My World of Shortages theme has in fact been an investing thesis of mine for a few years and will be for many years (decades) going forward. (although in the "long long run" I do expect technical innovation in many fields to help offset some of the shortages). Too many humans want to live like Americans... or at least like Brazilians or Italians (no one can quite consume like an American). And now more and more people have the means or are on the path to doing so within the next 3-10 years. I wrote last year in the blog, that it was the first year where more humans on this Earth resided in urban environments instead of rural. That trend should only continue slowly but surely. Unfortunately, even at current population levels, unless we continue having the same % of people living in morbidly poor conditions, the Earth will struggle to handle things. Human prosperity is ironically, not a good thing for Earth's natural resources. So we will compete, as peoples and nations for these resources - I still think water one day will be what oil is today. If you don't believe traditional wars will break out over these resource acquisitions (which is what most wars are in our history are based on - acquisition of property or resources) - then "economic" wars might be more up your alley. Essentially countries will be at odds with each other over these resources, and on a more granual level, the individual people of the US of A will be 'fighting' (economically) with people in many other countries for said resources. And with our structrual imbalances and reliance on other country's generosity in continuously buying our debt to keep us sustained, we don't appear to be heading into this multi decade "economic" war from a place of strength. More importantly, regardless of nationality, the "lower" and "middle" class across the globe will be competing with each other (on price) for these resources. Somehow I believe the upper crust in each country will somehow survive; I expect economic disparity to continue to grow within the vast majority of countries, continuing a trend of the past 10-15 years. And this will lead to more social strife within the countries. I believe this is already happening in the US....but its a slow erosion. When you cannot feed your family, you tend to get desperate. But I am open to (and hoping) I am completely wrong on this specific thesis.
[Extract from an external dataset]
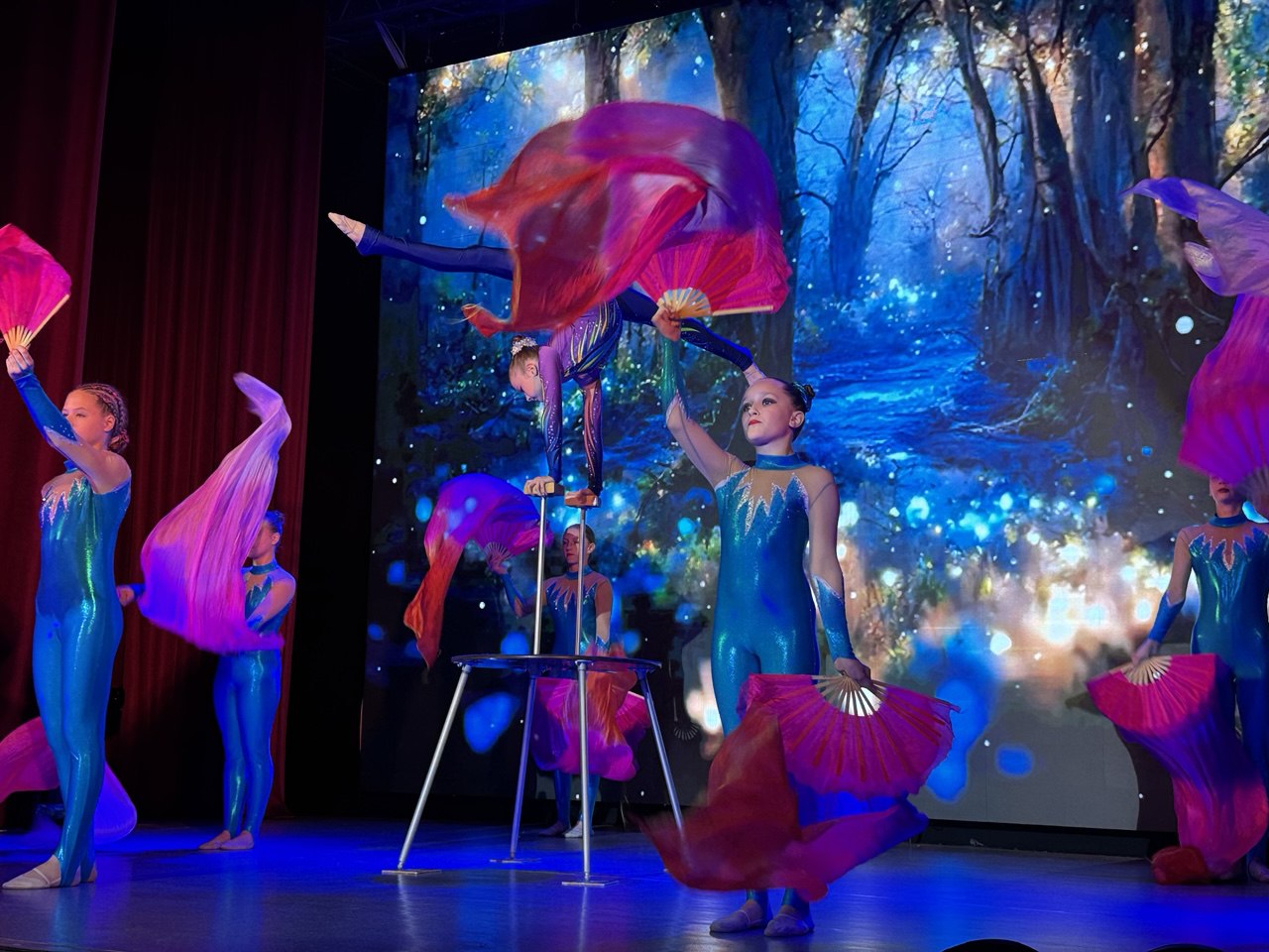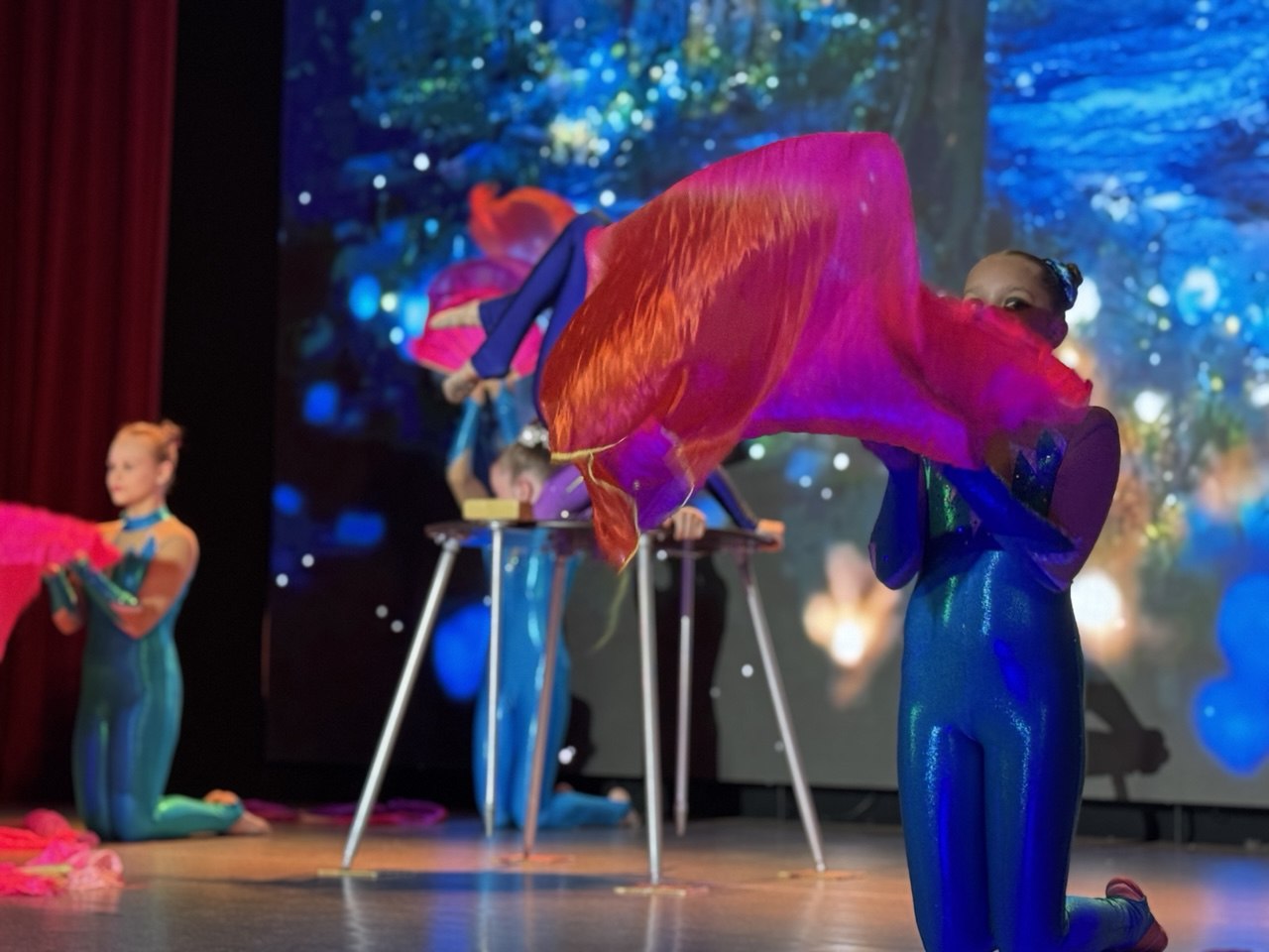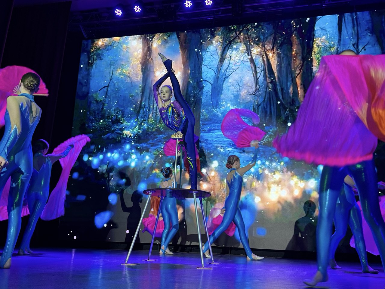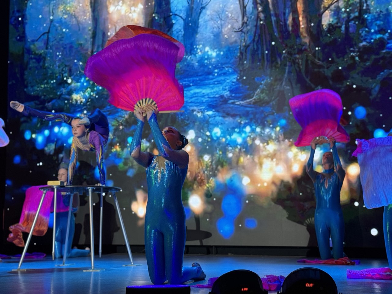 На протяжении всего путешествия для гостей выступали цирковые артисты образцовых цирковых студий «Кураж» и «Ритм». Баба Яга вместе с Лешим придумали для ребят веселые игры, танцы и шоу мыльных пузырей, которые светились и переливались в темноте.

But for our investing focus the game is to find the coming shortages, understand the powerful macro trends these shortages will generate, and get in before the herd. Eventually the masses will "discover it" (probably from a Wall Street Journal rticle), jump in with their leveraged unregulated pools of capital, drive the price up too far, cause havoc and volatility of unheard magnitude (if you only saw how boring fertilizer stocks used to trade), and corrections will happen along the way. CNBC will tout "the move" is over - and then we'll start on an new leg up a few weeks/months later. And so we should repeat for many many many years. But again, Commodities are Dead - Fox Business and CNBC told me so.
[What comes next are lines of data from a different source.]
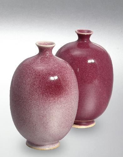 Satin-gloss, wine-red glaze with fine, light effects. The higher the firing temperature, the more enhanced the effect.
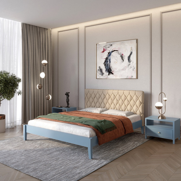 Односпальне дерев'яне ліжко Mebigrand Венеція ДК Сіро-синій (S7010R90B)/Аляска 23 (Бежевий) 80х200 см (MBG-5817)
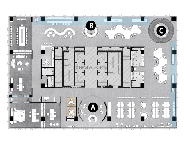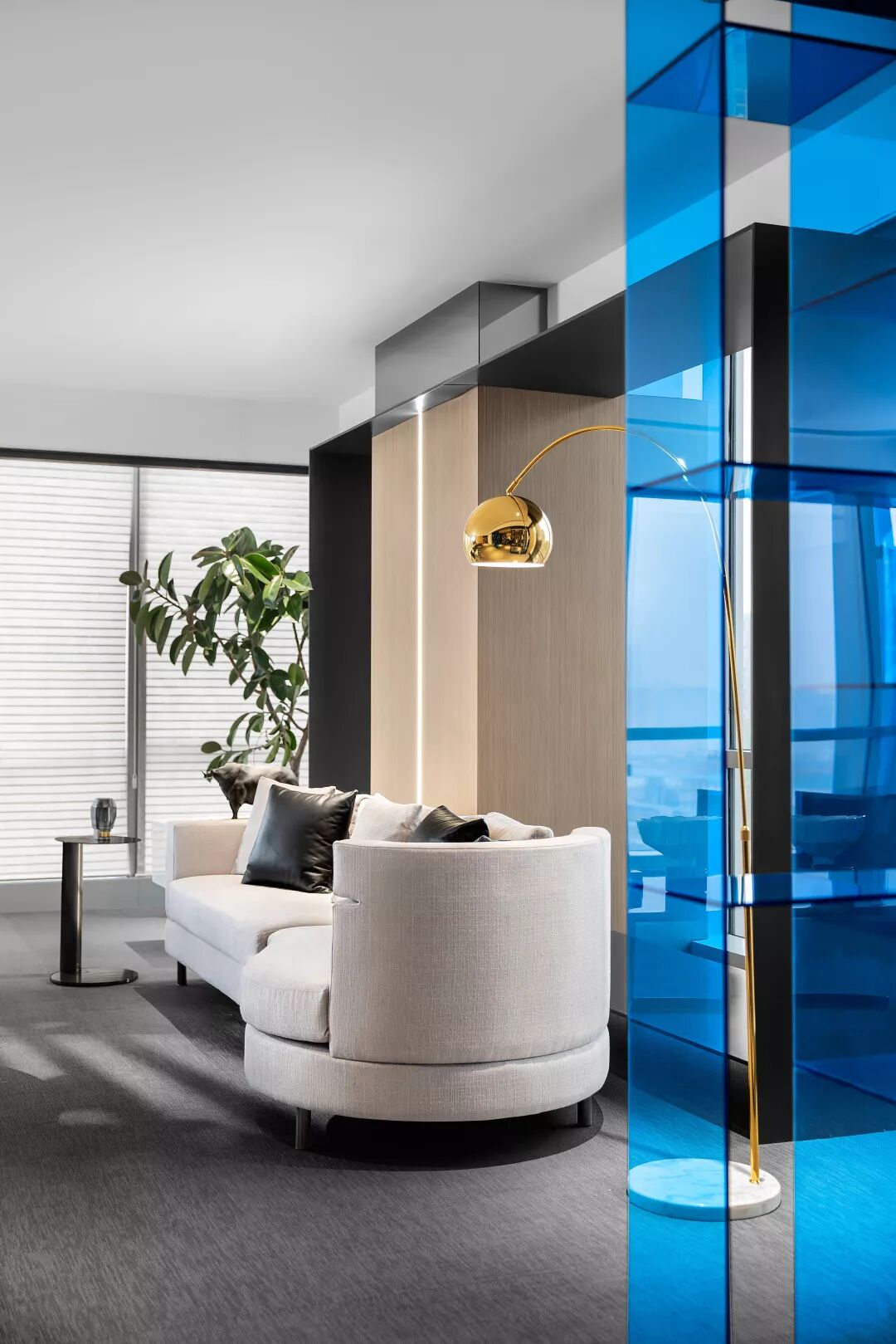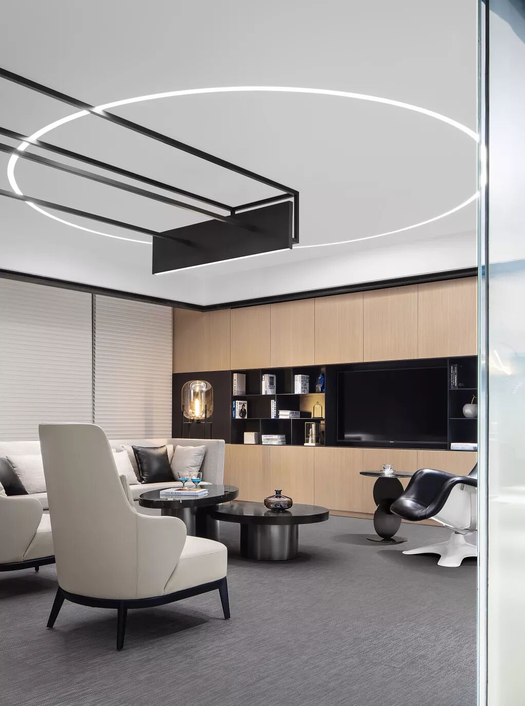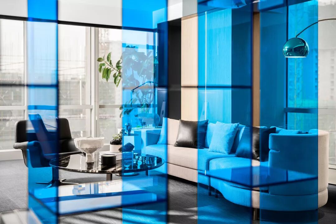 总裁接待区采用了半通透的设置,满足私密性的状态下,给到内部最好的采光度。

  • Now and then across the centuries, powerful voices have warned that human activity would overwhelm the earth's resources. The Cassandras always proved wrong. Each time, there were new resources to discover, new technologies to propel growth. Today the old fears are back.

  • Although a Malthusian catastrophe is not at hand, the resource constraints foreseen by the Club of Rome are more evident today than at any time since the 1972 publication of the think tank's famous book, "The Limits of Growth." Steady increases in the prices for oil, wheat, copper and other commodities -- some of which have set record highs this month -- are signs of a lasting shift in demand as yet unmatched by rising supply.
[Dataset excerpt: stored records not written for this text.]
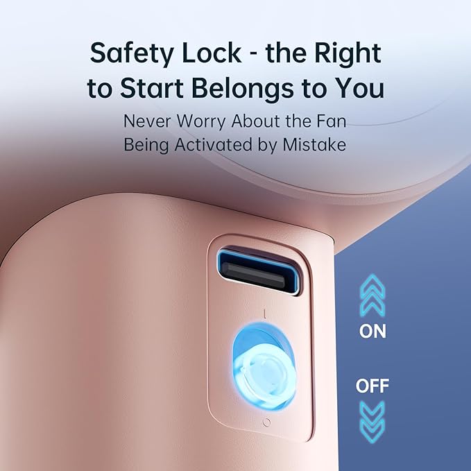 • Digital Display - Power Reminder: This portable fan for travel is equipped with a high-definition digital display screen, which can show the current wind speed and remaining battery power, so you no longer need to worry about the remaining power of the fan. When the battery of this mini fan is low, you can arrange for charging in advance, ensuring a cool companion on every trip
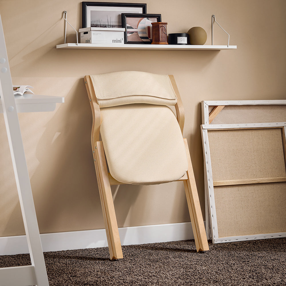 Sulankstoma kėdė 48x59x79 cm, šviesiai rudos/kreminės spalvos, yra puikus pasirinkimas tiems, kurie vertina komfortą ir funkcionalumą. Ši kėdė suteikia puikų juosmens palaikymą dėl specialiai suprojektuoto atlošo kampo, todėl galite patogiai sėdėti ilgą laiką.
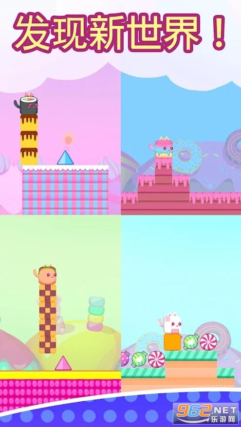 堆叠小猫游戏是一款可爱的 2D 冲刺游戏,其中一只可爱的小猫进入了糖果世界。在收集所有猫皮的同时,使用方形堆栈来飞越障碍物和尖刺!
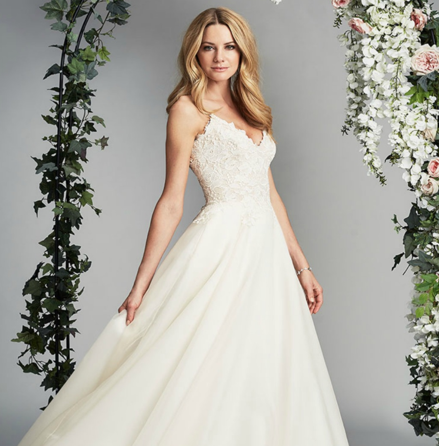 This dress is absolutely amazing! I felt so beautiful on my wedding day. The dress was custom made in London for my measurements, and has a stunning romantic lace bodice, and a flowy silk organza skirt. The materials are very high quality, and the dress was sewn to perfection (even my seamstress who did my alterations commented on the craftsmanship). I bought it at Posh Bridal Store in Minneapolis, MN, and had my alterations done in Des Moines, Iowa. I only wore it once on my wedding day, and it was absolutely perfect. I have a pear shapped body (small waist and wider hips), and this dress really compliemented my figure. I'm sad to see it go, but I can't wait for someone else to feel as special as I did in it.
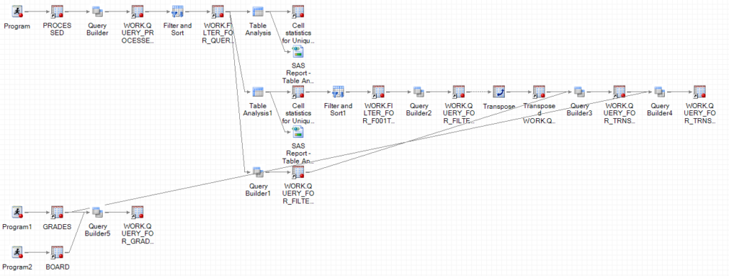 or course_name like '%culture%'SAS Enterprise Guide analytics application was used for LMS log data processing of behavioral and textual data. The behavioral data were extracted from the Blackboard activity accumulator which tracks click-by-click actions occurring in the Blackboard LMS. Textual data were extracted from blackboard discussion forums. Figure 1 shows the data processing flows for aggregating and deriving variables. In the first round of data cleaning, all behavioral data were aggregated by behavioral labels defined by Blackboard and stored in the activity accumulator table in Blackboard’s database system (please see Table 1). More detailed information about the database schedule and fields can be retrieved from the following link: http://library.blackboard.com/ref/3ce800bc-d993-40d2-8fc3-1cb792408731/index.htm. A unique ID, combining student ID and course ID, was used to link all three types of data sources together. In order to enhance the model’s generalizability, all behavioral frequencies were converted into “relative values.” Because the requirements of different courses may vary, how often students are required to access course materials or post to discussion forums for example, it is more meaningful to convert student’s participation level from absolute frequency numbers into relative values, such as student’s ranking and ratio by frequencies. Finally, in order to achieve the extended goal of early warning prediction, all input variables were computed from the beginning of the semester to the end of the eighth week in each semester. Table 1 shows the list of variables identified after two rounds of data processing and derived variable generation.
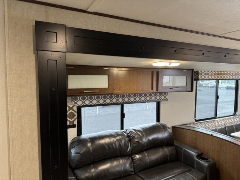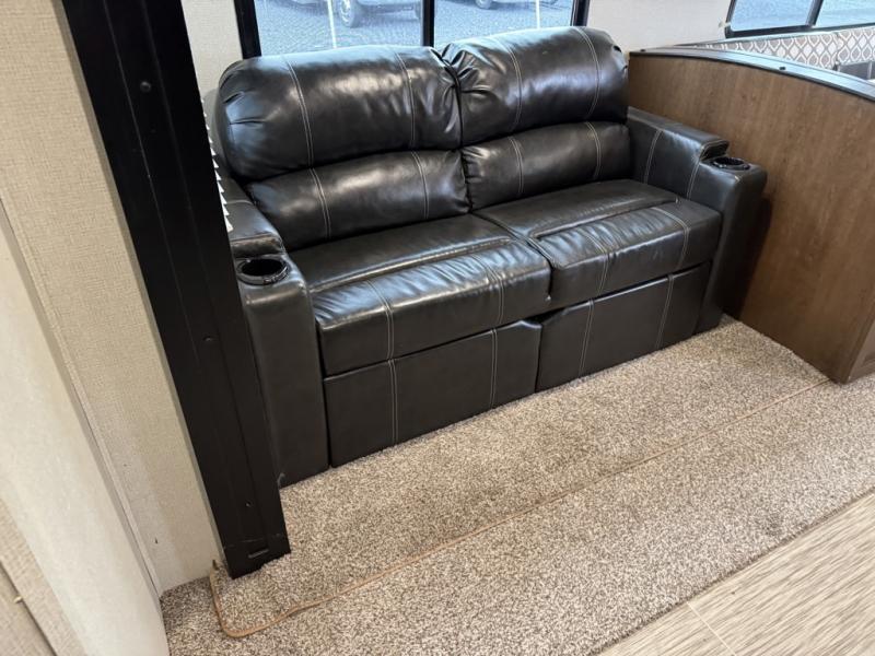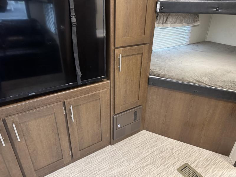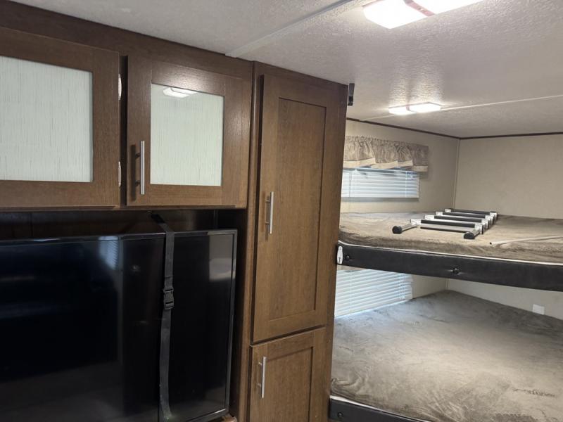 If you are a growing family that enjoys the comforts of home while away exploring at a state park, then you need this Avenger ATI travel trailer. You are sure to enjoy the entertainment center and 50" LED TV, and the outdoor kitchen will be helpful as you visit with other campers and watch your kids play. From the U-shaped dinette and sofa, to the queen-size bed in the private bedroom and double-size bunks, you will have plenty of space to sleep ten people.

  • As the world grows more populous -- the United Nations projects eight billion people by 2025, up from 6.6 billion today -- it also is growing more prosperous. The average person is consuming more food, water, metal and power. Growing numbers of China's 1.3 billion people and India's 1.1 billion are stepping up to the middle class, adopting the high-protein diets, gasoline-fueled transport and electric gadgets that developed nations enjoy.

  • The result is that demand for resources has soared. If supplies don't keep pace, prices are likely to climb further, economic growth in rich and poor nations alike could suffer, and some fear violent conflicts could ensue.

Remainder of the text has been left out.